Now that the sync script has been added and permissions changed so it can be run, you need to add the cron job so the script runs after the backup server boots. On the backup server in the terminal, enter

sudo crontab -e

This command will open the file where cron jobs are added. Cron jobs are set to occur at a user-defined time, such as a specific time, date, day of the week, or after certain events. I will use the @reboot flag rather than use a specific time for this cron job because I want to initiate it every time the backup server boots. Add a line to the very bottom of the cron job file as follows:

@reboot syncscript.sh

Now use Ctrl+x followed by Y and then Enter to save the crontab file if using the nano editor. Note that the first time you add a cron job, it will ask you which editor you would like to use. Hit enter at the prompt to continue using the nano editor as you have done in previous steps. If you would like to view but not edit the crontab file, you can use

sudo crontab -l

to make sure that your changes have been saved properly. Also note that cron jobs can be set as regular users without sudo or as the root user with sudo added. All of the commands here are being run as root. However, that may be problematic or insecure for your use case, so it may make more sense to run the commands as a non-root user.

Initiating a Backup

To begin the process, I need something to send a magic packet to the backup server to wake it up. In this case, the packet is sent to the NIC in the backup server with the MAC address 00:5f:f4:67:df:90, which wakes up the device after being turned off. I will use a utility aptly named wakeonlan [6] to send the magic packet from the primary NAS server, and I will add a cron job to the primary server so that it sends the magic packet once a day (you can change the frequency and time to suit your needs). On the primary NAS, enter the following command in the terminal:

sudo apt update && sudo apt install wakeonlan -y

This installs the needed utility for easily sending magic packets. Now on the primary NAS, use the same cron command to create a new cron job (see Figure 3):

sudo crontab -e

Figure 3: Output of the main server's crontab -e command.

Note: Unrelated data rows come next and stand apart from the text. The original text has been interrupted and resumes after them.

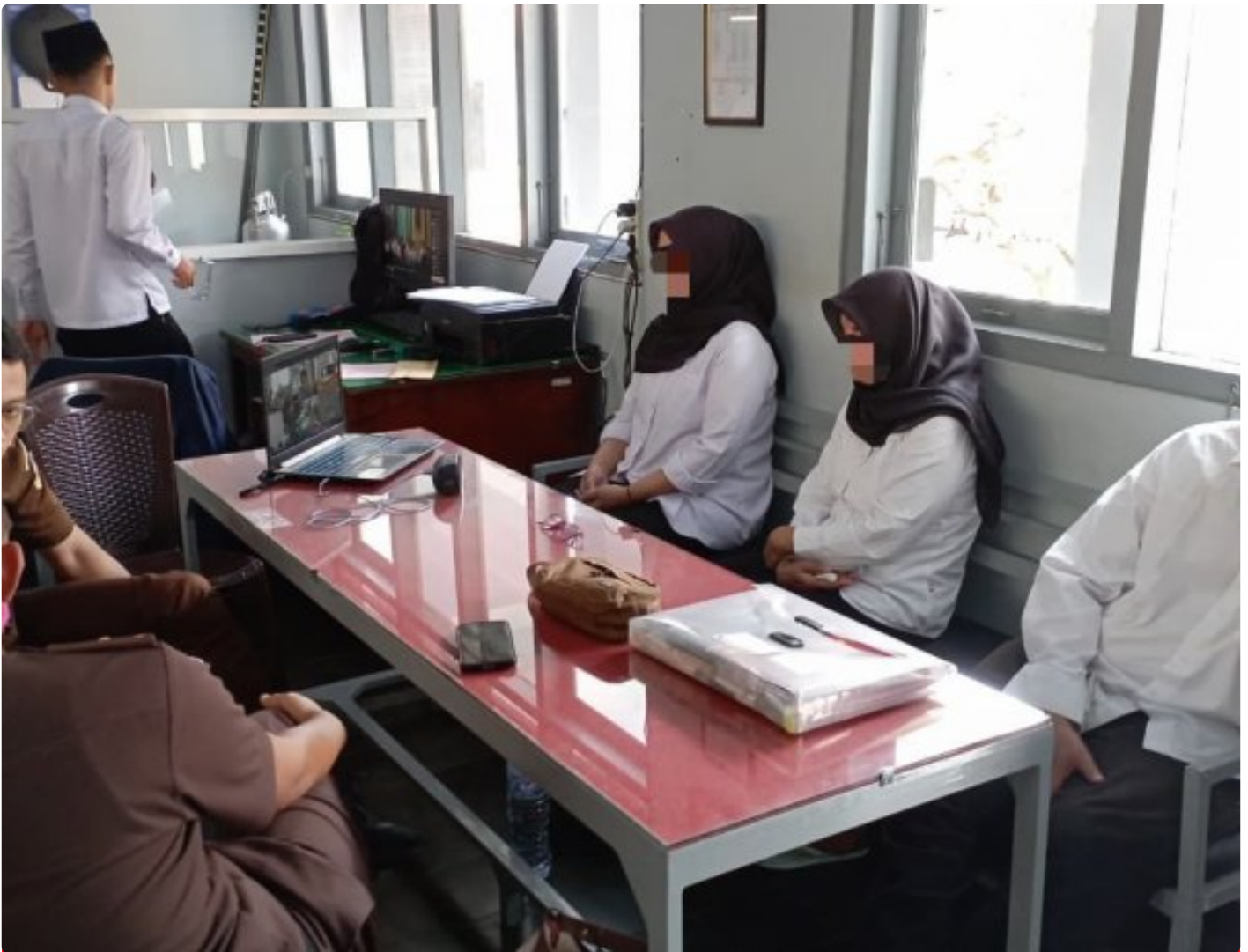
Lapas Magelang Fasilitas pelaksanaan Sidang Daring dengan WBP sebagai Saksi

Magelang – Lembaga Pemasyarakatan (Lapas) Kelas IIA Magelang memfasilitasi pelaksanaan sidang secara daring (online) dalam perkara tindak pidana korupsi (tipikor) dengan menghadirkan Warga Binaan Pemasyarakatan (WBP) sebagai saksi. Kegiatan tersebut dilaksanakan atas permintaan aparat penegak hukum dan bertempat di ruang telekonferensi Lapas Kelas IIA Magelang, Selasa 16/12/2025.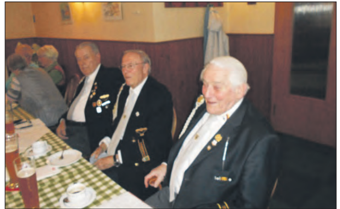
Die Teilnehmer der Jahreshauptversammlung.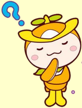
所沢市イメージマスコット トコロん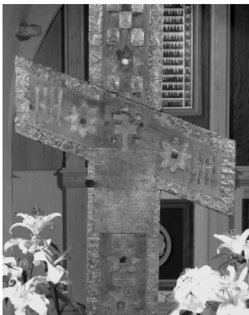
13. Фрагмент нижней косой перекладины Кийского креста и гравированная пластина с летописью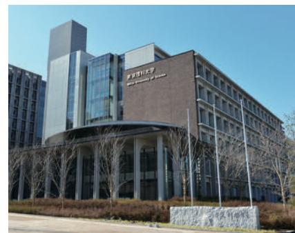
東京理科大学 葛飾キャンパス (葛飾区新宿6-3-1)

This time, I will add the following command to the crontab file:

55 03 * * * wakeonlan 00:5f:f4:67:df:90

This cron job will send the magic packet to your backup server's NIC with MAC address 00:5f:f4:67:df:90 at 03:55 AM. If needed, the Crontab Guru website [7] can help you with correctly setting the time and frequency of your cron job. In my use case, the 03:55 AM start time makes sense because the primary NAS is used for personal files, programs, and media; all of the users are in the same time zone and will typically be accessing those files during the day; and syncs normally take less than an hour. You will need to decide what frequency and timing is best for syncing in your use case. It may make sense in some cases to set this to run twice a day (or more) or perhaps only weekly. Crontab Guru is a huge help for scheduling tasks such as this. Furthermore, the amount of time that a sync takes may dictate your backup schedule to an extent. A seven-hour sync job shouldn't be initiated every six hours. If the data is that critical and the time it takes to sync is that long, then it may simply make sense to keep the backup server on 24/7 and sync in real time. Some careful consideration and planning is needed here.